The Replicate Python SDK (`replicate`) is the official Python client for Replicate, a platform for running AI models (LLMs, image generation, video, audio, and more) in the cloud. Its `replicate.run()` and `replicate.predictions.create()` APIs are the primary execution surfaces. The latest release is **v1.0.7 (May 27, 2026)**. This repository has zero native instrumentation for any `replicate` SDK execution surface — no integration directory, no wrapper, no patcher, no `auto_instrument()` support.

Braintrust documents a [gateway/proxy-based integration with Replicate](https://www.braintrust.dev/docs/integrations/ai-providers/replicate) where users route Replicate calls through the Braintrust gateway using an OpenAI-compatible client. This approach does not cover users of the **native `replicate` Python SDK**, which has its own distinct API (`replicate.run("owner/model", input={...})`). The `replicate` SDK is not an `openai.OpenAI` subclass and cannot be wrapped with `wrap_openai()`.

The same pattern exists for other providers in this repo: Mistral, OpenRouter, xAI, Groq, and Together AI all have OpenAI-compatible endpoints, yet received dedicated native integrations because users following official provider documentation and `pip install <provider>` get zero Braintrust tracing from the OpenAI wrapper alone.

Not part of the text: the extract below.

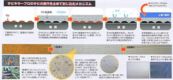 従来のサビ転換塗料は、サビている所にしか使えませんでしたが、この塗料はサビていない所にも、シーラー・プライマーとして使用可能です。
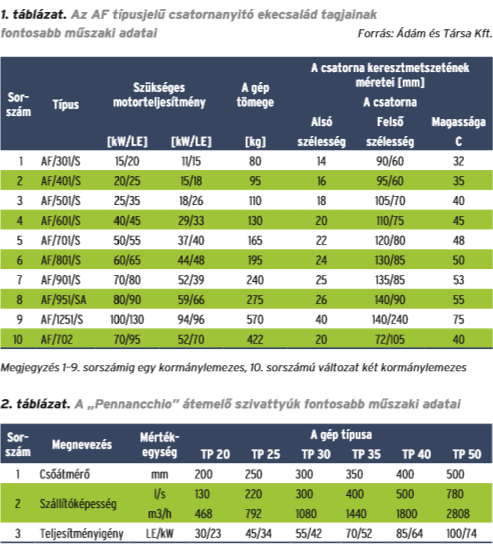 A telepíthető traktoros átemelő szivattyúk is különböző nagyságrendben, vagyis szállítóképességgel, nyomócsőátmérővel és teljesítményigénnyel rendelkeznek az eltérő felhasználói igények mellett, példaként a 2. táblázatban foglaltuk össze a Pennancchio átemelő szivattyúk említett műszaki adatait.

## What needs to be instrumented

The `replicate` package (v1.0.7) exposes these execution surfaces, none of which are instrumented:

### Model execution (highest priority)

| API | Description | Return type |
|---|---|---|
| `replicate.run(model, input, ...)` | Synchronously run a model and return the complete output | `Any` (model-specific: str, list, FileOutput, ...) |
| `replicate.stream(model, input, ...)` | Stream model output as server-sent events — primarily for LLM token streaming | `Iterator[ServerSentEvent]` |

`replicate.run()` accepts any Replicate model identifier (e.g., `"meta/meta-llama-3-8b-instruct"`, `"stability-ai/sdxl"`) and an `input` dict with model-specific parameters. The model identifier encodes the provider and model name — useful for span metadata.

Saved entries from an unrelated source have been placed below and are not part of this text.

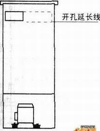 用直尺将两平行线两端连接成一矩形,见右图(注:画线时一定要用画针,线条才能画得准确。许多维修部在对箱体切口扒修时,切口四周形成极不规则的犬牙交错状,这是不讲究维修工艺,没有用针、用心去为切口破开做好准备造成的)。线画好后用电工刀成45度角压在线条上。再用小铁榔头敲打刀背,顺线后移,直至完成,即可取下铁皮。需要注意的是,只要冰箱背部不是冷轧板,均不可用磨光机切割,因磨光机振动性较大,手臂难以稳定控制、顺线切齐不易,又因磨光机转速快、温度高、容易将切口处沿表面的喷涂材料烧焦烧黄,影响美观,增大创口。
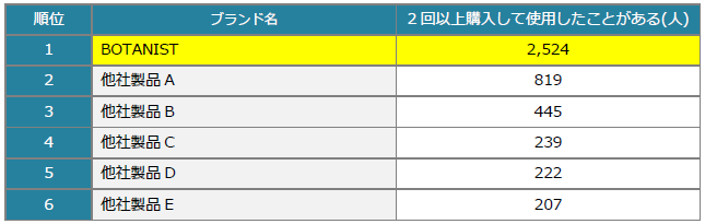 *,*2 1000円以上の高価格帯ヘアケア消費財6ブランドについてのWEBアンケートによる。男女10代~60代(n=30,000)のうち、BOTANISTを「2回以上購入して使用したことがある」と回答した方の数。2022年2月実施(自社調べ)
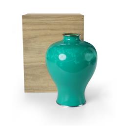 Japanese Ando Cloisonne Vase Green baluster form vase with band of lighter green floral decoration. In kiri wood (paulownia) 'tomobako' box. (H25cm)Estimate $150-300
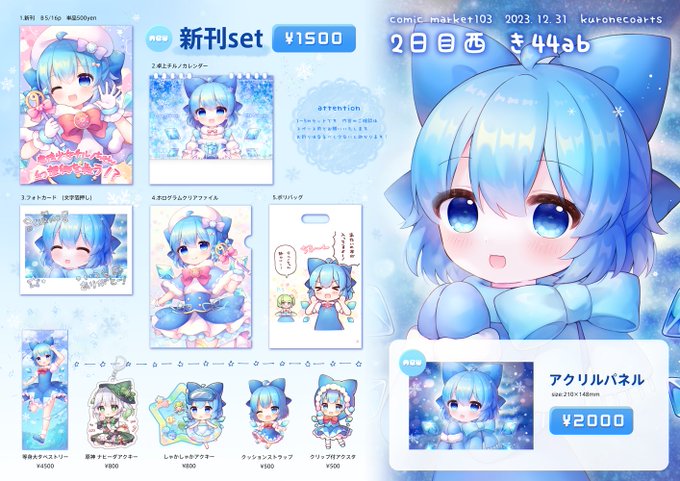 145 521 ◎あなたのサークル「kuronecoarts」は 日曜日 東地区 “コ” ブロック 28b に配置されています。 スペースいただきました! チルノちゃんと妖精たちの本とグッズ作ります🐳 23/06/09 17:45

**LLM streaming:** For language models, `replicate.run()` returns an iterator yielding text tokens. `replicate.stream()` provides SSE-based streaming for the same use case.

### Async execution

| API | Description | Return type |
|---|---|---|
| `await replicate.async_run(model, input, ...)` | Async equivalent of `replicate.run()` | `Any` |

### Background predictions

| API | Description | Return type |
|---|---|---|
| `replicate.predictions.create(model, input, ...)` | Create a prediction without waiting for it to complete | `Prediction` |
| `await replicate.predictions.async_create(model, input, ...)` | Async prediction creation | `Prediction` |
| `prediction.wait()` | Wait for a prediction to complete | `Prediction` |

`Prediction` objects expose `.status`, `.output`, `.logs`, `.metrics` (includes `predict_time`), `.urls` (cancel, get, stream webhooks).

## Implementation notes

**Generic execution model:** Unlike OpenAI or Anthropic where model names map to a known schema, Replicate model inputs and outputs are model-specific. The integration should log the model identifier (`owner/model` or `owner/model:version`), the input dict, and the output value. Token count extraction is only possible for models that return usage metadata in their response or logs.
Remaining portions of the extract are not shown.